Horary is an interrogational astrological discipline, whereby a question can be answered by interpreting the positions of the planets in the sky at the moment the question is understood. Throughout the history of horary astrology, astrologers developed and reported “considerations before judgment” and aphorisms about horary questions. I believe the main impact of these considerations is the reduction of ambiguity in a practice that is vulnerable to it, by making sure the question was valid and that the chart was appropriately “radical” (meaning that it was fit to judge and likely to produce a correct answer). In our modern age of the internet, horary has faced unprecedented new possibilities and pitfalls. It might be worth re-evaluating what makes a good horary question to best ensure the integrity of the practice of horary astrology. Here is my attempt to do just that.

1) The Horary Question Must Be Valid
Okay, but what is a valid question? That’s a fair question! I think a valid horary question is one which is personal and pressing.

a) Is It Personal?

An ideal horary question should be personal to you, directly related to you. Why? Say you ask a question on someone else’s behalf. It may be a little confusing deciding whether the 1st house represents the messenger or the sender. That could be simple enough, but what if the question the messenger delivers doesn’t even directly concern the sender asking it? You might even be able to figure out some sort of solution for that, but how much more removed can the querent be from the question? While it is unlikely, what if it’s your father’s brother’s nephew’s cousin’s former roommate who is asking? It complicates who the Ascendant represents, and who or what the derivative houses are about. I’m not saying a question like that couldn’t or shouldn’t be done, but that you can no longer be as certain as you could be about what means what in the chart if you do. Consider what Lord Helmet thinks of how meaningful such tenuous connections are:

Even if you are representing yourself as the querent, your question should still directly concern you. I have seen some astrologers, even astrologers I greatly respect, ask horary questions about matters that do not directly concern them. For example, I have read astrologers announcing the results of horaries they cast about who might win an election for political office. While the outcome of an election may certainly impact the person asking, it seems to me that in order for the chart to be truly relevant to the question or radical, it should be asked by a person to whom it is actually a personal question, such as the candidates themselves, or even a spouse or campaign director. I have also seen people try to interpret horary questions about whether a character on a TV show would die. I think a question like that is problematic because it’s not a personally relevant question, unless it’s the actor who plays that character who is asking because it would concern their employment!

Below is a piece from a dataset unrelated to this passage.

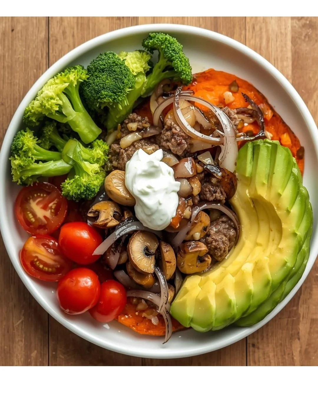 This plate is bold, balanced, and deeply satisfying. A roasted sweet potato becomes the base for savory ground beef, silky shiitake mushrooms, creamy Greek yogurt, and vibrant vegetables. It’s protein-forward, rich in fiber, and finished with healthy fats that bring everything together.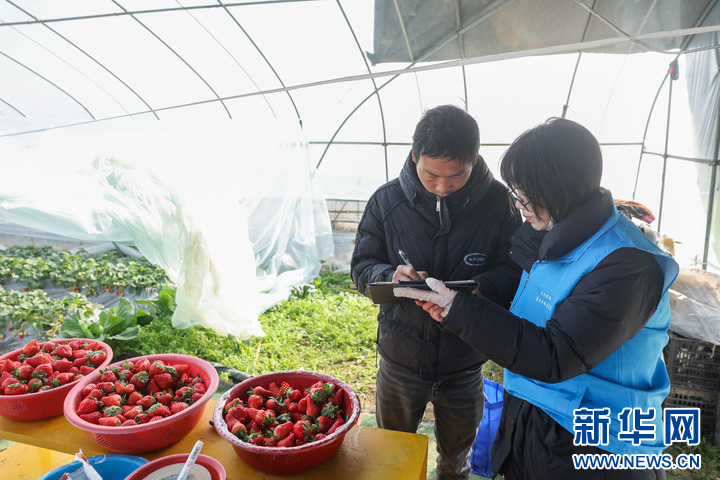 1月15日,在道场乡红里山村的草莓种植大棚内,种植户(左)签字确认抽检的草莓批次。

If a horary question has to be personally relevant, it would also preclude questions of a more philosophical, abstract or absurd nature, such as asking what the meaning of life is, what the square root of 81 is, or why Nicholas Cage’s hair is a bird. Casting a horary for a question like this might reflect the thought itself and maybe its meaning for someone, but it is unclear bordering on doubtful that it would yield a useful or meaningful answer, because horary is best at producing answers for personal inquiries.

b) Is it Pressing?

 Once you have determined if a question is personally relevant, a horary chart has the best chance at reading out well if it is for a pressing question. If you’re just asking when the mail is going to come out of idle curiosity, you can hardly expect the horary chart to be particularly striking. If you’re asking when the mail is going to come because you’re urgently waiting for something to arrive, then the circumstances of that question makes it a pressing one, and the resulting horary might be more informative.

The answer to the question “Will I get married?” is one that someone might be heavily invested in, but if that person does not have a partner or prospective partner with whom it would actually be even a remote possibility, it’s hard to say that the question is pressing or urgent. A horary would not necessarily be reliable, and other methods could be used to determine the answer.

A good rule of thumb to use to determine if a question is pressing is if you feel you have such a need to know the answer that you don’t care whether it’s a yes or no, you just have to know either way. If you can honestly answer “yes” to that question about your horary question, then it may be worth asking. Bottom line: If Buzzfeed would consider your question “important”, it’s probably not a good horary question.

c) Ask Right Away

Don’t sit on a personal and pressing horary question.  If you have one, ask it right away, as soon as the developments that lead to the question occur. This is so that the planetary positions of the horary chart have the best chance of reflecting the circumstances in which the question arose as closely as possible. If you wait too long, then the question is not asked from the same place of urgency as when you first asked it, and it may no longer be “pressing” even if you have a lot invested in the question and the resulting horary chart may be unreliable.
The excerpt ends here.